How OpenRAG Handles Document Ingestion and Processing Configuration: TaskService Architecture Explained
OpenRAG orchestrates document ingestion through the TaskService class, which manages background processing, concurrency limits, and timeout protection while pulling chunking and embedding defaults from a configurable Langflow flow.
OpenRAG's ingestion system combines async Python coroutines with Langflow's visual pipeline to process documents from upload to vector store. This article examines how the TaskService class in langflow-ai/openrag coordinates file processing, resource limits, and user-configurable settings like chunk size and embedding models.
TaskService: The Core Ingestion Orchestrator
The ingestion pipeline centers on src/services/task_service.py, where the TaskService class manages the complete lifecycle of document uploads. When users upload files—whether local, cloud, or URL—the API invokes either TaskService.create_upload_task or TaskService.create_langflow_upload_task depending on the source.
Both methods instantiate concrete processors and delegate to TaskService.create_custom_task:
# src/services/task_service.py – TaskService class methods
async def create_upload_task(self, user_id: str, file_paths: List[str], ...):
processor = DocumentFileProcessor()
return await self.create_custom_task(
user_id=user_id,
processor=processor,
items=file_paths,
...
)
async def create_langflow_upload_task(self, user_id: str, flow_id: str, ...):
processor = LangflowFileProcessor(flow_id=flow_id)
return await self.create_custom_task(...)
Background Processing and Concurrency Control
Async Task Execution
Each task spawns a background coroutine (background_custom_processor) that runs asynchronously while updating task status and timestamps. The coroutine iterates over uploaded items and applies the attached processor:
# src/services/task_service.py – Background processing loop
async def background_custom_processor(self, task_id: str):
task = self.task_store[task_id]
processor = task.processor
for item in task.items:
async with self._processing_semaphore:
result = await self._process_with_timeout(processor, item)

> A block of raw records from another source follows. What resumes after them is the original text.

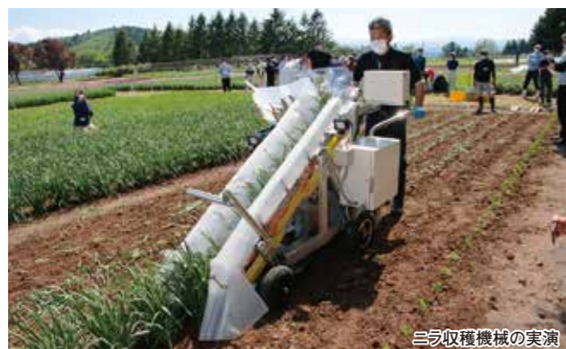
三刈収穫機械の実演

5月23日、大蔵・戸沢・鮭川営農センター管内の生産者を対象としたアスパラガスの目ぞろえ会が鮭川販売センターで開催され、生産者とJA担当者15名が参加しました。
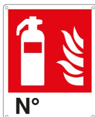
N° E20121X 250 x 310 mm
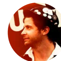
Dramaturgie Vít Novák
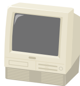
●CRTディスプレイ 一体型パソコン
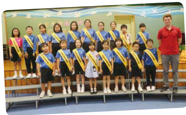
外籍老師培訓學生擔任英語大使，在不同活動中推廣英語。
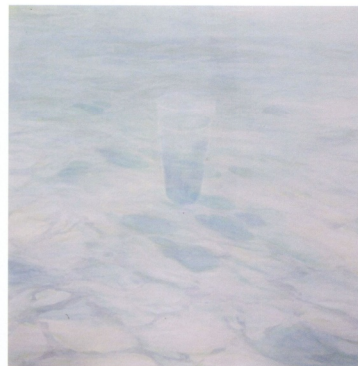
圖9 蔡欣霖 Liquidetc 2002 91 × 91cm 膠 水干 岩繪具

用絹布為基底素材，沒有多餘的色相，加上流動的造形及單一的技法，這些最簡潔的視覺元素把握了宇宙的客觀法則，拋棄事物的外表，揭示內在隱藏的永恆不變的實在。這種「單純之美」一直是藝術
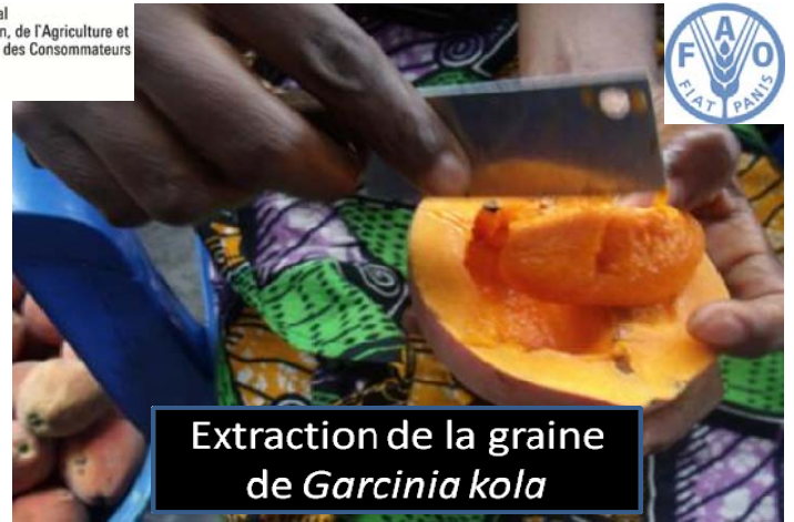
Extraction de la graine de Garcinia kola
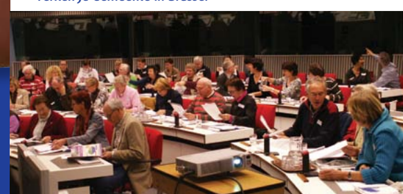
Verken je Gemeente in Brussel

Combinatie95 probeert steeds dicht bij de burgers te staan. Door al 10 jaar de interactieve cursus "Verken je Gemeente" te organiseren heeft zij ongeveer 200 burgers laten kennismaken met het doen en laten van de lokale overheid. Hierdoor ontstaat meer begrip over en weer tussen de gemeente en burgers. Ook voor een volgende cursus hebben zich al weer inwoners opgegeven. U kunt zich nog aanmelden bij p.vandewiel@home.nl. Daarnaast organiseert de partij thema-avonden op locatie, waar, naast de leden van Combinatie95, iedereen welkom is. WSD de Dommel, Wereldwinkel, gemeenschapshuis Orion, Voedselbank, Het Goed, De Rots en het Ursulagebouw zijn o.a. bezocht.
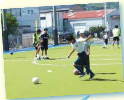
フットサルの招待で、愛仁園のお友だちと交流試合をしたよ。
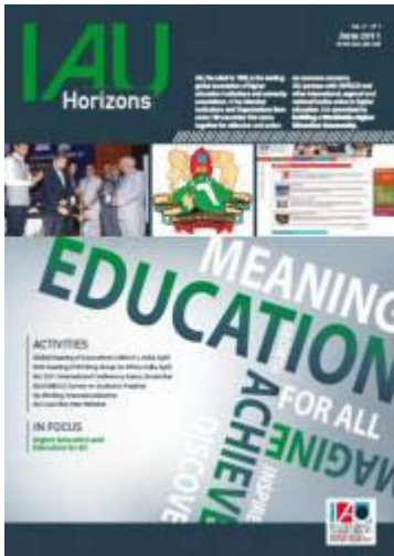
Volume 17, no.1, June 2011
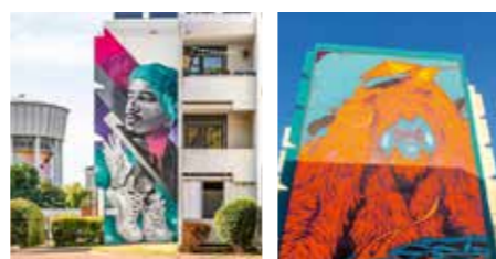
MisterCopy au 56 avenue du Président Wilson

À l'occasion du Street Art festival de Calais, des artistes reconnus ont égayé les murs de résidences d'ICF Habitat Nord-Est. N'hésitez pas à venir découvrir ces œuvres aux adresses ci-dessous.
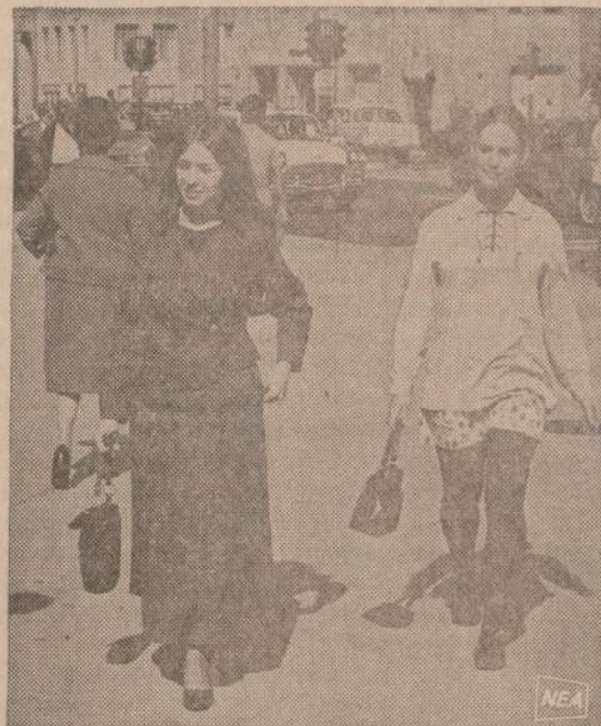
Čikagos Michigano gatvėje vyrų mėgsta stebėti praeinančias merginas. Pavėiksle matomas madu įvairumas. Pačioje kairėje moteriškė eina su vidutinio ilgio sijonu, viduryje naujas "maxi-coat", o dešinėje — jau įprastas "mini" sijonėlis.

Bolševikams Lietuvą okupavus 1940 m. nieks naujų vadovėlių nespausdino. Švietimo Ministerija pranešė panaikinti Vytį, vėlavą ir kt. Sulipinom, užlipinom, ar išplėšim ir toliau naudojom tuos pačius vadovėlius.
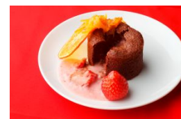
バレンタイン期間限定 愛媛県産あまおとめのフォンダンショコラ (kurkku 3)

「TOKYO APARTMENT CAFE」、「kurkku 3」では、愛媛県の県名にちなんで、「愛(あい)”を“媛(ひめ)”から贈る」をコンセプトに、バレンタイン期間限定のメニューを2月9日(土)～2月15日(金)の期間で提供します。この時期に旬をむかえる、いよかんを使用し、各店の特徴を活かした個性的なスイーツをお楽しみいただけます。
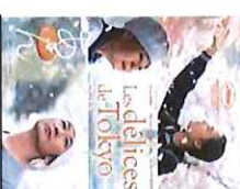
Les Délices de Tokyo
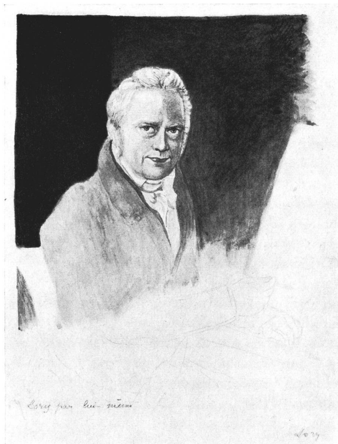
Abb. 2. Gabriel Ludwig Lory (?), Selbstbildnis (um 1825–1830). Kunstmuseum Bern

finden ließen 12 . Die nur mit «S» signierten Berner Bildnisse zeigen manchmal eine leichte Tendenz zur Räumlichkeit, im Lory-Porträt sogar zur in sich gedrehten Figur, wie sie bei Sulzer neben kompositionell starreren Werken zu finden ist. Sulzer liebt es bisweilen, die Figur in den Bild-Vordergrund zu stellen und die
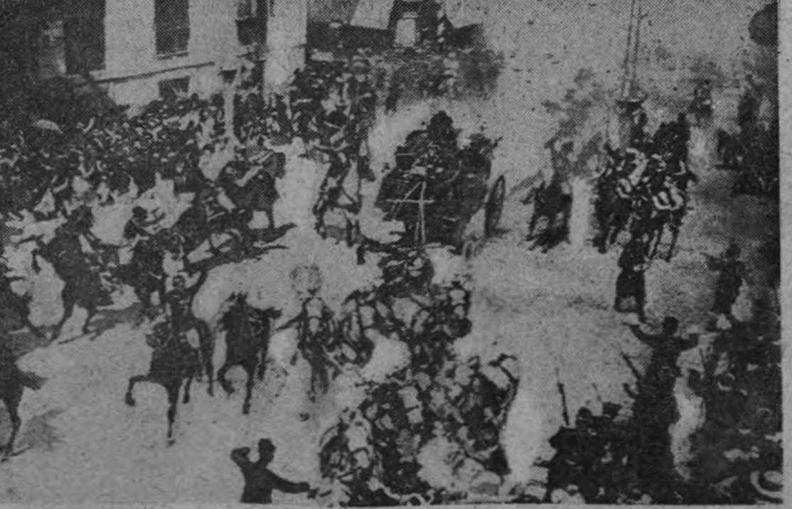
La boda de Don Alfonso XIII le hizo dos veces histórica el hábito atestado de que fue objeto en la calle Mayor, a su regreso a Palacio

Ayer por la tarde el ministro de Asuntos Exteriores estuvo en el hotel Ritz visitan-
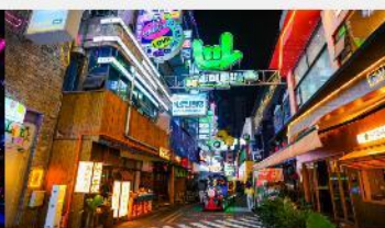
ถนนคนเดินซิงหยุน
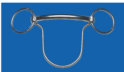
貼顎型防斜跑口銜鐵
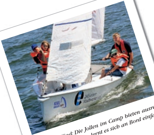
Hoch am Wind: Die Jollen im Camp bieten ausreichend Platz. Im Team lernt es sich an Bord einfach besser.
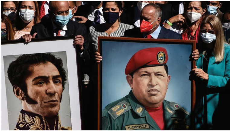
Imagen 5. Agencia Anadolu. Cuadros de Bolívar y Chávez en la Asamblea Nacional [Internet]. 2021 [citado 28 diciembre 2022].

De entrada, se observan paralelismos con presidentes militares: Pérez Jiménez, sobre todo en lo tocante a la figura del líder (caudillo) como eje central de la imagen (imagen 5). Pero se le añade, además, la nostalgia independentista, equiparando al caudillo Hugo Chávez con el padre de la patria (Bolívar).
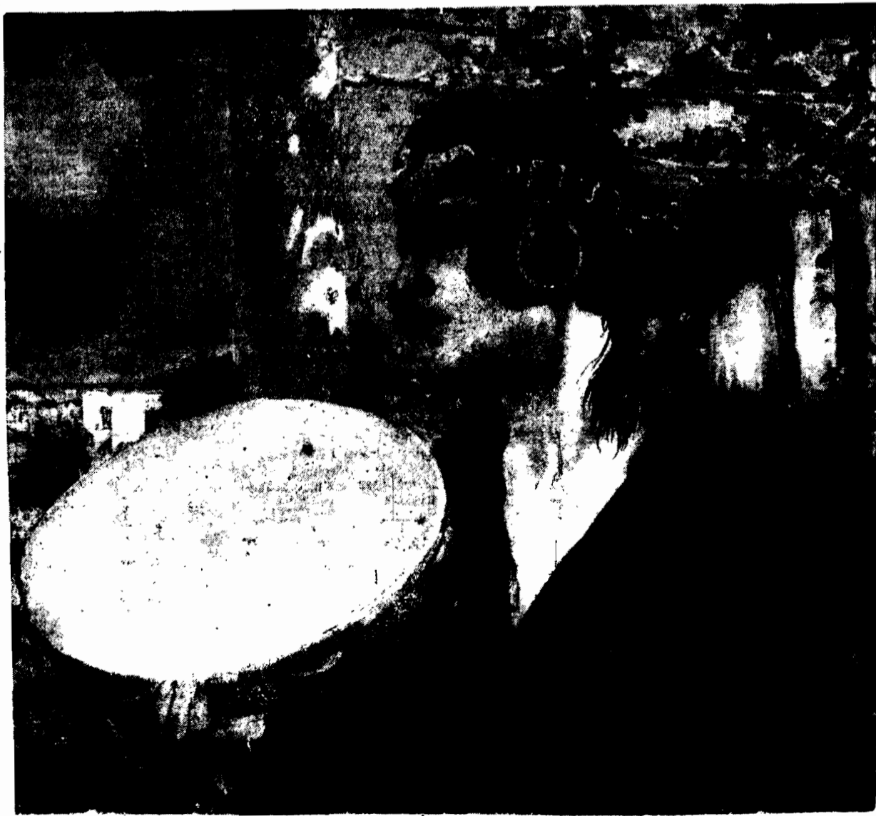
Malował F. M. WYGRZYWAŁSKI

# Update counters atomically...
Global Resource Limits
To prevent GPU/CPU exhaustion, TaskService initializes a global semaphore (self._processing_semaphore) based on the number of workers detected at startup via utils.gpu_detection.get_worker_count. This semaphore limits concurrent file processing across all active tasks.
Per-task locks (self._task_locks) ensure atomic updates to counters like processed_files and failed_files, preventing race conditions during high-volume ingestion.
Timeout Protection and Error Handling
Every file processes inside _process_with_timeout, which wraps the processor call with asyncio.wait_for. The default timeout is 3600 seconds (configurable via the TaskService constructor parameter ingestion_timeout):
# src/services/task_service.py – Timeout handling
async def _process_with_timeout(self, processor, item, timeout=None):
timeout = timeout or self.ingestion_timeout
try:
return await asyncio.wait_for(
processor.process(item),
timeout=timeout
)
except asyncio.TimeoutError:
raise IngestionTimeoutError(f"Processing exceeded {timeout}s")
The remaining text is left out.